The Meta-Learners by Finn, Duan, and Mishra [4,5,6, 12] have been successfully taught to perform simple RL tasks, such as locomotion tasks. In Meta-World [13], these algorithms have been tested for a variety of advanced robotic tasks. However, the results for the presented problems have a maximum rate of successfully solved tasks of 50%. This does not seem high enough to confidently and robustly perform the presented pick and place operations. We therefore aim to reach a higher success rate with the following concept:

  1. 1.

    Generate and define the described collaborative tasks in the simulated environment using Mujoco (Roboti LLC, USA)

  2. 2.

    Find a suitable configuration and combination of ML algorithms which will solve the pick and place task

  3. 3.

    Implement and fine tune the trained algorithm in the real-world production scenario, applying the concept of transfer-learning

5 Conclusion and Outlook

In this paper, we propose an approach to successfully perform intelligent pick and place tasks for the assembly of individualized products using RL algorithms capable of ML.

The developed demonstrator will then be used to answer the following research questions, which are both of technical and socio-technical nature:

  • Which algorithms have which impact on the robustness of the system? How can we assure that the robustness reached in simulation can be transferred to the real-world environment, e.g. using ADR?

  • How can we implement a dynamic work space for the robot when working collaboratively with a human? How can a human be integrated into the collaborative assembly process in a way that is both sensible and effective?

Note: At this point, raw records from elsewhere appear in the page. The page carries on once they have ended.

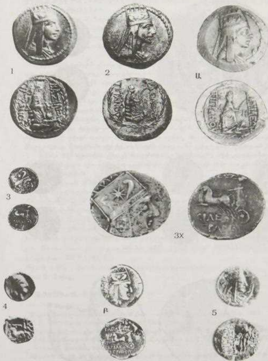
Տախտակ 1. Տիգրան Մեծի Բանի մբ անտիպ դրամները
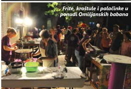
Frite, kroštule i palačinke u ponudi Omišjanskih babana
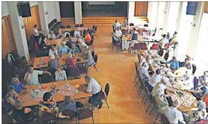
Bruchstedter Jahrgangstreffen und Rentnernachmittag
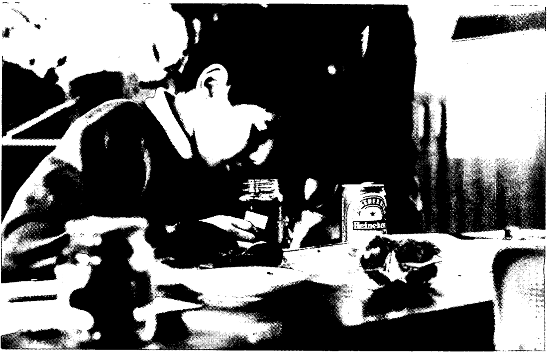
Het onderzoek in de klas. Alles wordt grondig bestudeerd.
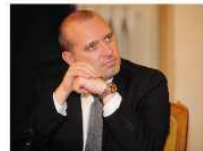
Presidente della Regione Emilia Romagna Stefano Bonaccini

La scelta della Regione illustrata ieri dal presidente Stefano Bonaccini: «Stop ai privilegi»
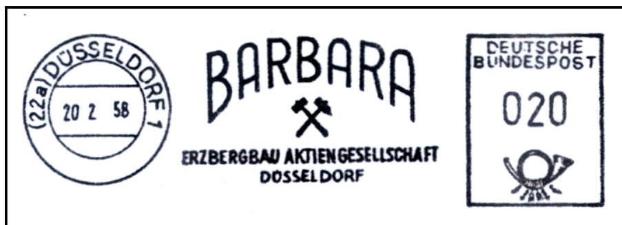
oben: Freistempel eines Bergbau-Unternehmens

In keinem schlesischen Zechenhaus fehlte der Barbara-Altar. In manchen Gruben, so z.B. im Carsten-Zentrum in Beuthen, war sogar ein Altar unter Tage anzutreffen. Die Barbara-Altäre, wie sie im ganzen Industriegebiet Schlesiens vorhanden waren, waren immer reichlich geschmückt, besonders aber in den Zechenhäusern, wo die Heiligenfigur von einem Kohlengebilde umrahmt wurde. Diese sollte an die Grube unter Tage erinnern. In den Gotteshäusern war es ebenso. Die älteste Barbara-Kirche Schlesiens stammt aus dem 13. Jahrhundert und steht in Breslau.
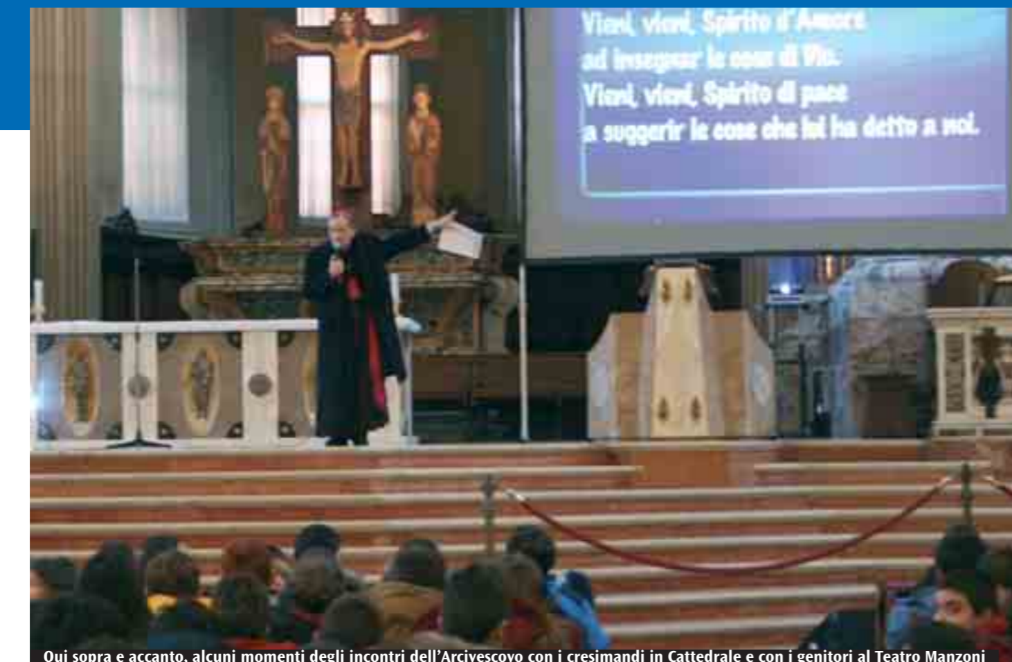
Qui sopra e accanto, alcuni momenti degli incontri dell'Arcivescovo con i cresimandi in Cattedrale e con i genitori al Teatro Manzoni
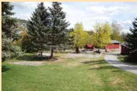
Parkområde i barnehagens gamle lekeplass
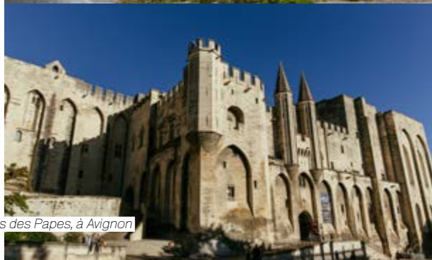
Palais des Papes, à Avignon
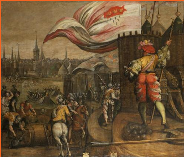
Das Kölner Entsatzheer 1475 vor Neuss (1582), Ölgemälde von Arnold Colyns, Kölnisches Stadtmuseum KSM 1987/502
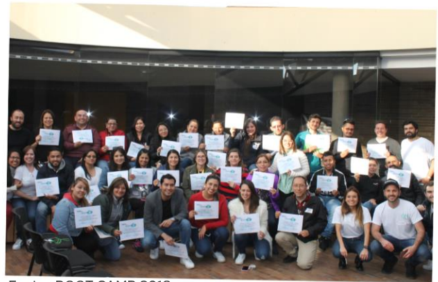
Equipo BOOT CAMP 2019

El pasado 8 de marzo en las instalaciones de la Universidad Militar de Cajicá, se llevó a cabo el primer BOOT CAMP, una iniciativa de la coordinación de planeación y RTVC para todos los colaboradores de la entidad. El objetivo principal fue promover la creatividad con nuevas propuestas que mejorarán procesos e implementarán nuevas iniciativas basadas en innovación.
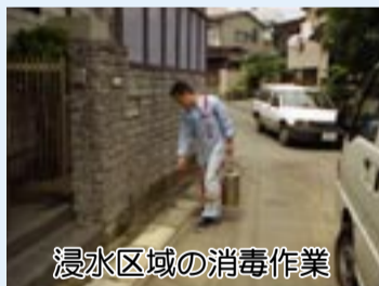
浸水区域の消毒作業

市では、排水施設17カ所の改修をはじめ、下水管の布設替え、排水機場整備などを進めています。
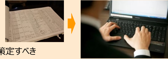
紙台帳等のアナログな管理に代わる顧客管理システムの導入

・紙台帳等に代わる顧客管理システム導入や一定の会計基準の遵守を盛り込んだ 企業的経営に関するガイドライン を策定すべき ・上記の ガイドラインに則った経営を行う事業者 について、 今後国として積極的に支援 すべき
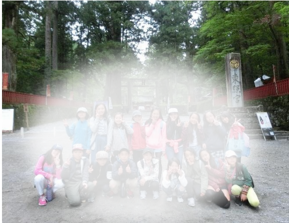
改修で美しくなった東照宮で、記念撮影をしました。
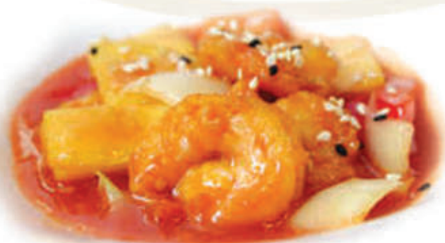
226. Gamberi in agrodolce
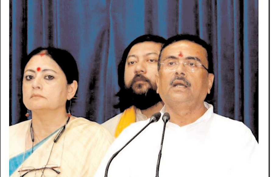
पश्चिम बंगाल के मुख्यमंत्री सुवेदु अधिकारी सोमवार को हावड़ा के नवब्राम में कैबिनेट मीटिंग के बाद दूसरे मंत्रियों के साथ मीडिया को संबोधित करते हुए।
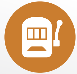
Casinos Virtuales y Juegos de Azar
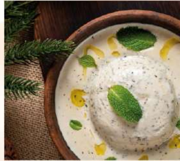
ТЕПЛЫЙ РУЛЕТ ИЗ СУЛУГУНИ В МОЛОЧНОМ СОУСЕ С ГОРНОЙ МЯТОЙ
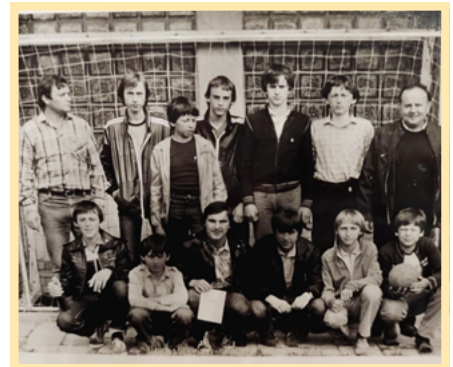
Péče o mládež byla vždy klíčovým prvkem pro udržení tradice házené u nás.
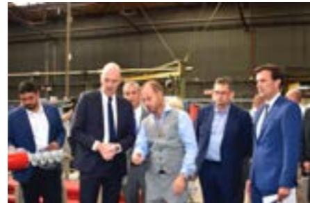
25 Juillet 2022 Visite des entreprises Denis et Latty par le Ministre de l'Industrie, Roland Lescure
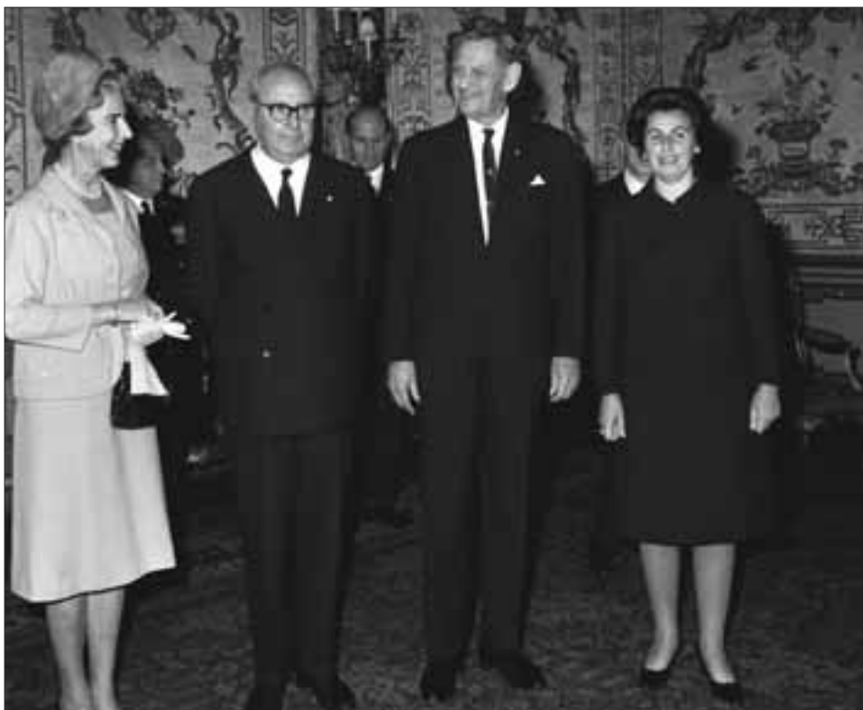
Palazzo del Quirinale, 20 ottobre 1965. Visita di S.M. il Re di Danimarca, Frederik IX, e della Regina Ingrid.
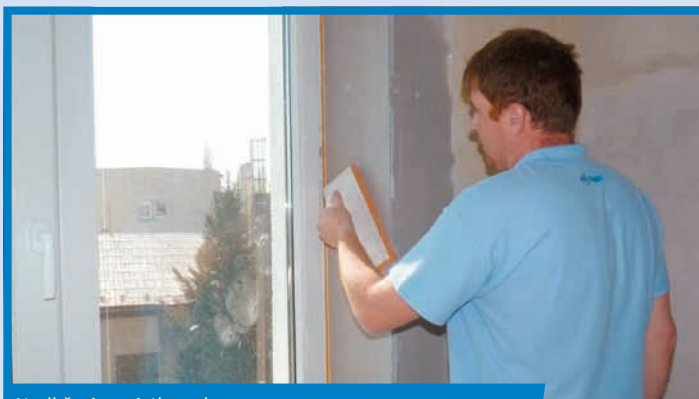
Navlhčenie omietky vodou
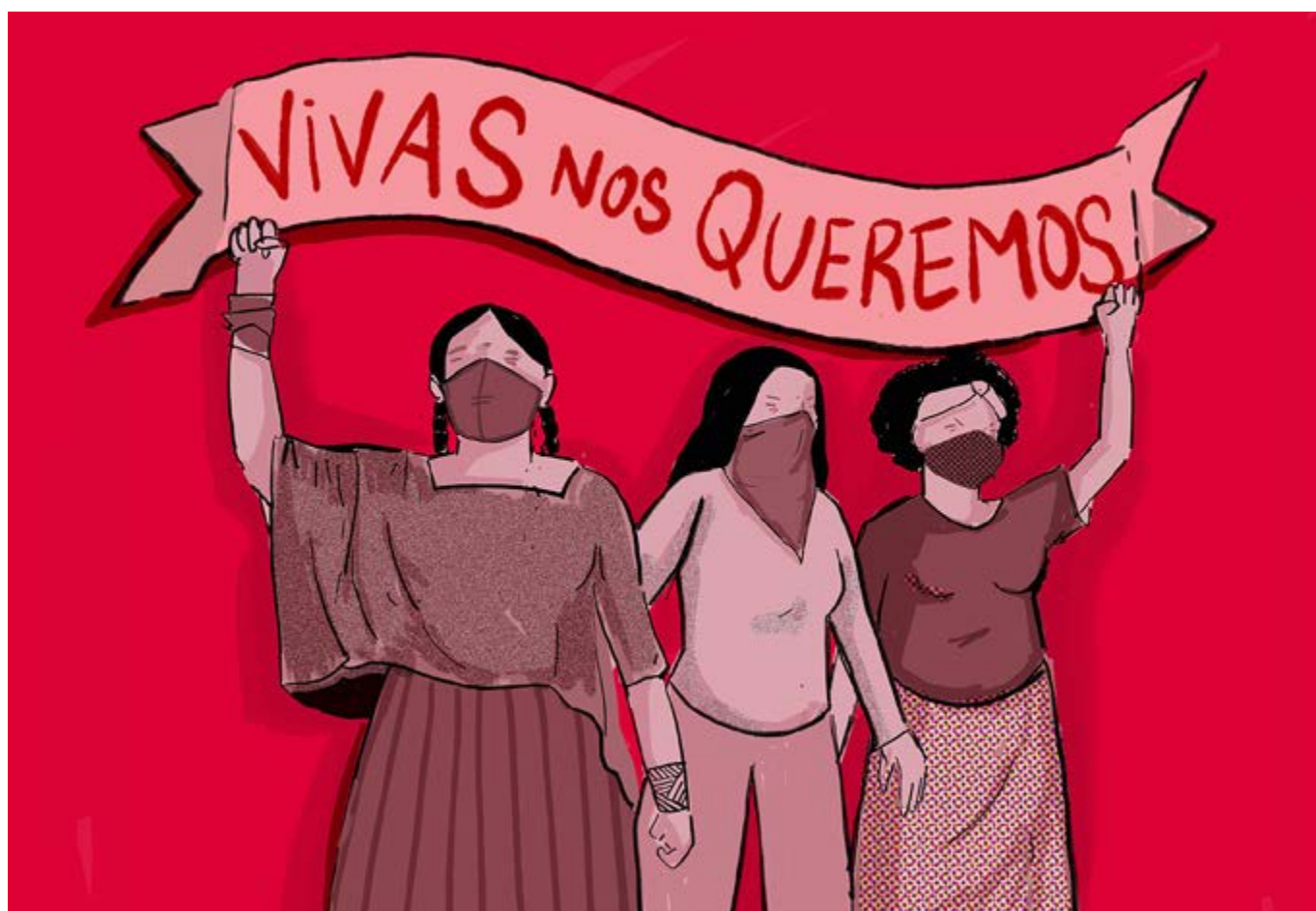
Фото: Иллюстрация «мы хотим быть живыми» бразильского художника и политического ученого Рибса ( twitter.com/o_ribs и instagram.com/o_ribs ) для Обсерватории общественных движений Центра социальной теории и латиноамериканских исследований (NETSAL-IESP/UERJ). Рибс, 2021.

Приядаршини Бхаттачариа, административный офис правительства Индии, Индия
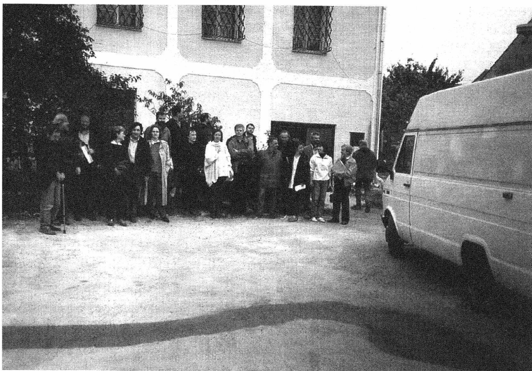
Účastníci konference ESF před budovou pracoviště Archeologického ústavu AV ČR v Dolních Věstonicích
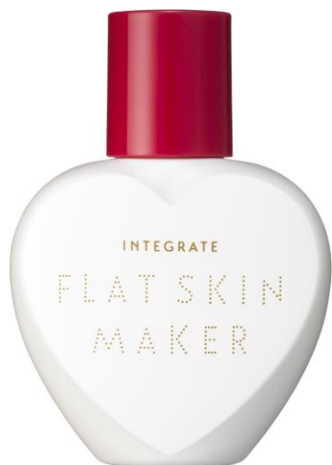
インテグレート フラットスキンメーカー N
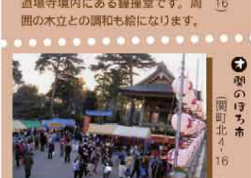
冬の風物詩の一つで、毎年12月9日・10日に行われます。(関町北)
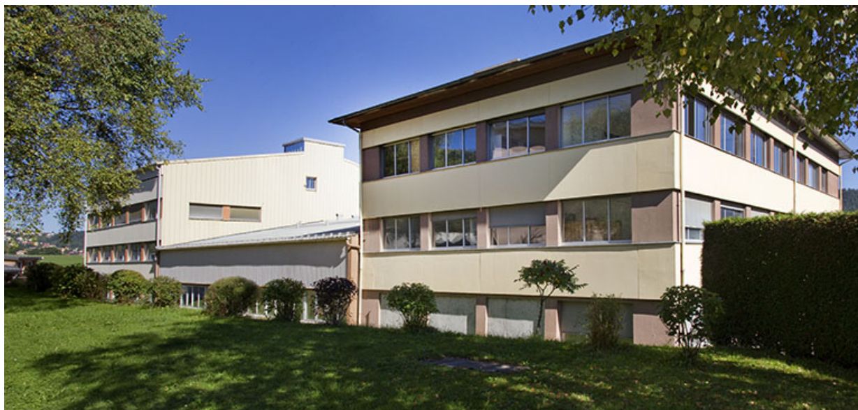
Vue d'ensemble, depuis le sud-ouest (façade postérieure).

25, Morteau, 1 et 1A rue Fontaine-l'Epine
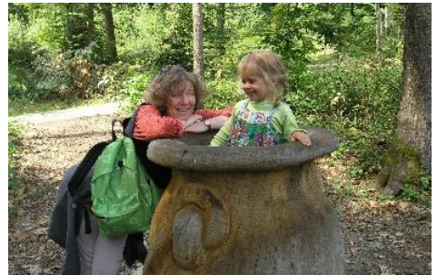
Mit Oma im Märchenwald

Spielen mit Sand und Wasser oder sich schmücken mit Naturmaterial ist sehr beliebt. Auf Bäume klettern oder auf Baumstämmen balancieren ist eine Kunst. Im Wald Mooshäuschen bauen, Märchen hören und spielerisch erleben, sind für Kinder prägende Erfahrungen, die ihnen Grosseltern mit geschenkter Zeit ermöglichen. ●
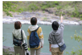
▲長瀬の風景を作り出す のはどんな植物？
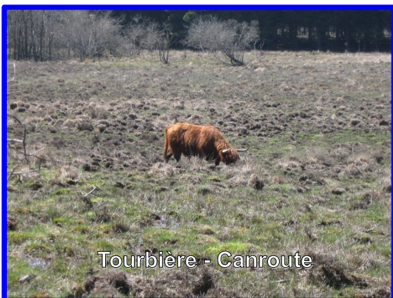
Tourbière - Canroute

A l'interface entre la terre et l'eau, une zone humide se caractérise également par un sol gorgé d'eau (sol hydromorphe). Ce dernier présente alors des traces du passage temporaire ou permanent de l'eau : les traits d'hydromorphie (tâches de rouille pour les engorgements temporaires, bleuâtre/grisâtre pour les engorgements permanents ou quasi-permanents)
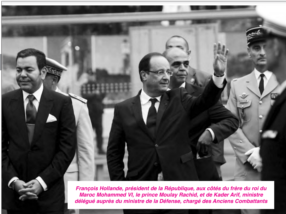
François Hollande, président de la République, aux côtés du frère du roi du Maroc Mohammed VI, le prince Moulay Rachid, et de Kader Arif, ministre délégué auprès du ministre de la Défense, chargé des Anciens Combattants

Et d'ajouter : «Ici, il y a 20 ans, sur cette place, François Mitterrand disait : «Parce que la France est une grande Nation, il faut qu'en son sein la Corse soit elle-même». Et bien à nous encore aujourd'hui, de faire que la Corse soit elle-même pour être pleinement dans la République. Le statut particulier tire les leçons de la spécificité de la Corse. J'ai donc répondu favorablement à la proposition de dialogue qui a été avancée par l'Assemblée de Corse pour qu'il puisse y avoir une concertation entre les élus de l'île et l'État. Ce débat est utile, il est nécessaire parce que ensemble nous avons à répondre aux défis : L'emploi, le développement économique, la protection de l'environnement, et parce que l'Etat doit aussi assurer ici la sécurité, la sûreté. La lutte contre les violences, c'est un combat que nous avons engagé et je vous l'assure, il ne faiblira pas. Nous y mettrons tous les moyens, nous obtenons déjà des résultats».

In the future, we plan on fully implementing the developed assembly process into our manufacturing scenario described in Sect. 3. The manufacturing scenario includes the transportation of individual parts using automated guided vehicles and presenting the final product to the customer. A further goal is to study the collaborative assembly process between humans and robots. This is the focus of another research project in our lab, which aims to achieve adaptive human-robot collaboration through the implementation of sensors to detect the user’s status (e.g. focus, stress). The combined results of these projects will contribute to an optimal collaborative working process.